In this section, the stability lobe diagrams calculated by the 1st SDM, PCHDM, 2nd SDM, UNIM, and the proposed method are obtained for the 2-DOF milling system. In the calculation process, the dynamics of the milling system in the X and Y directions are considered. The modal parameters are also derived from ref. [7], and they are assumed to be equal in X and Y directions. The detailed modal parameters are as follows: the angle natural frequencies are ωnx = ωny = 5793 rad/s, the relative damping ratios are ζx = ζy = 0.011, and the modal masses of the tool are mx = my = 0.03993 kg. The tangential and normal cutting force coefficients are still chosen as Kt = 6 × 108 N/m2 and Kn = 2 × 108 N/m2, respectively.

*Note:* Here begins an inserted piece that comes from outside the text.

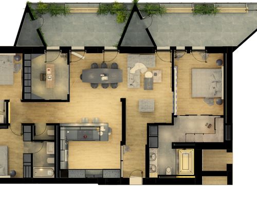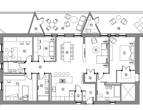 I would like to create a single cooking / dining / living room peninsula with sofa. (I would like to render this living area)
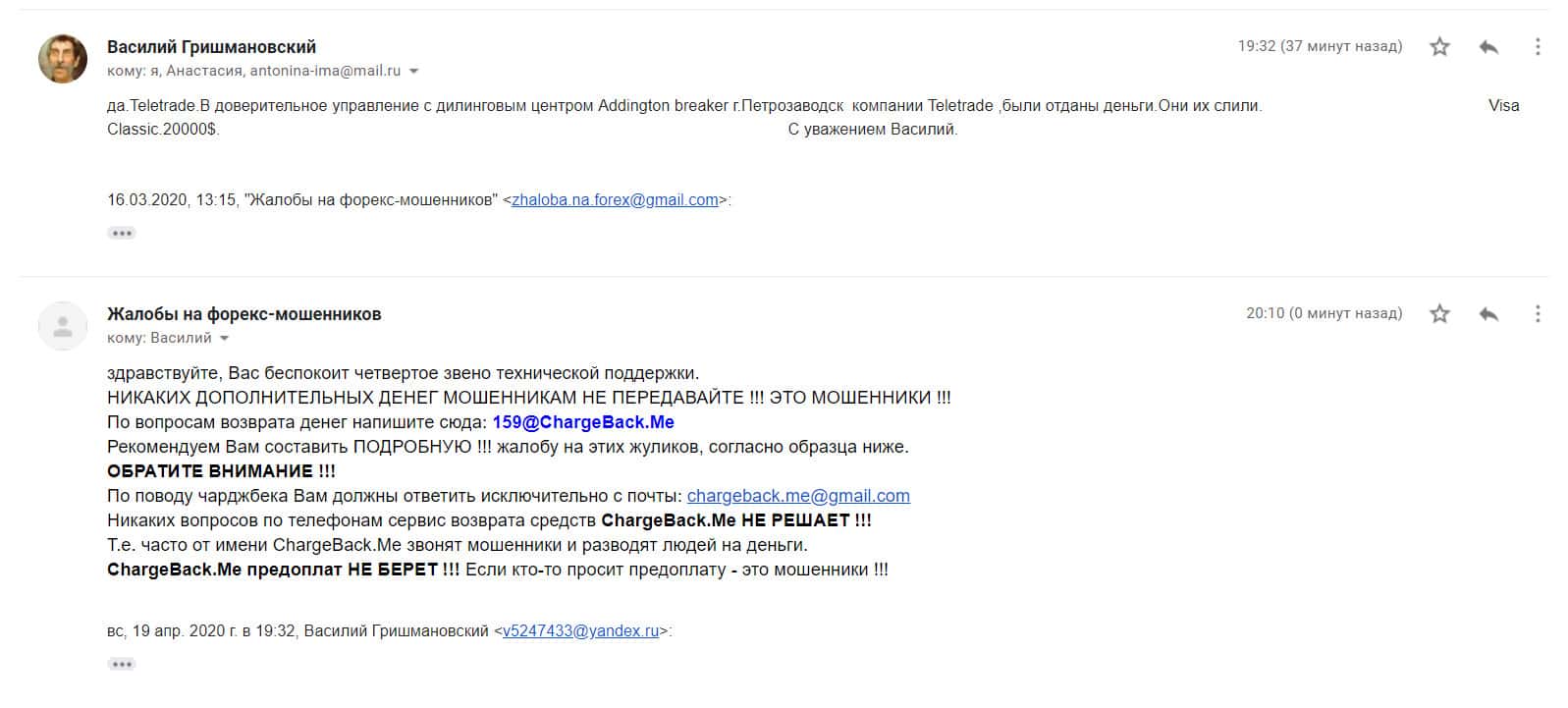 Далее представлено письмо от человека, который попался в контору AC Addington через рекламу лохотрона Теле Трейд. Мошенники втерлись к нему в доверие и выманили порядка 20 000 долларов США, и теперь он просит помощи вернуть ему краденные средства. Жертва готова поделиться информацией со всеми.

In the parameter plane, the spindle speed belongs to the interval [5000, 25000] rpm, and the axial depth of cut belongs to the interval [0, 0.01] m. The reference is also the stability lobe diagram calculated by the PCHDM with m = 300. The stability lobes calculated by different methods under the full immersion condition (a/D = 1) for a 2-DOF milling system are shown in Fig. 8.

Fig 8
figure 8

The stability lobe diagrams calculated by the 1st SDM, PCHDM, 2nd SDM, UNIM, and the proposed method with a/D = 1 for a 2-DOF milling system

The stability lobe diagrams calculated by different methods under low immersion condition (a/D = 0.05) for a 2-DOF milling system are also obtained, as shown in Fig. 9.

Fig 9
figure 9

The stability lobe diagrams calculated by the 1st SDM, PCHDM, 2nd SDM, UNIM, and the proposed method with a/D = 0.05 for a 2-DOF milling system

From Fig. 8, it shows that all the methods can predict the stability of milling for a 2-DOF system under full immersion condition accurately. However, as shown in Fig. 9, the PCHDM, UNIM, and the proposed method are more accurate than the 1st SDM and 2nd SDM under the low immersion condition (a/D = 0.05). The results about the 2-DOF milling system further demonstrate that the prediction accuracy of the SDM can be improved through combining the predictor-corrector scheme.

4 Conclusion

This study presents a new semi-discretization method based on predictor-corrector scheme for milling stability analysis. In this study, the time-delay term and the periodic coefficient matrix are taken as an operator and approximated by second-order interpolation polynomial. The main conclusions sum up as follows:

  1. (1)

    Generally, the proposed method is superior compared with the benchmark in terms of the rate of convergence. In addition, the proposed method is also a robust method.

  2. (2)

    Although the PCHDM and the proposed method are both predictor-corrector scheme-based methods, the proposed method converges faster than the PCHDM under different parameter combinations.

  3. (3)

    The proposed method takes less time than the 1st SDM and 2nd SDM to obtain stability lobe diagrams. For a 1-DOF milling system under full immersion condition (a/D = 1), although the proposed method takes more time than the PCHDM and UNIM to obtain the stability charts, the stability lobe diagrams obtained by the proposed method is much closer to the reference than those obtained by the PCHDM and UNIM, especially in the peak of the lobes.

  4. (4)

    The prediction accuracy of the SDM can be improved by combining the predictor-corrector scheme.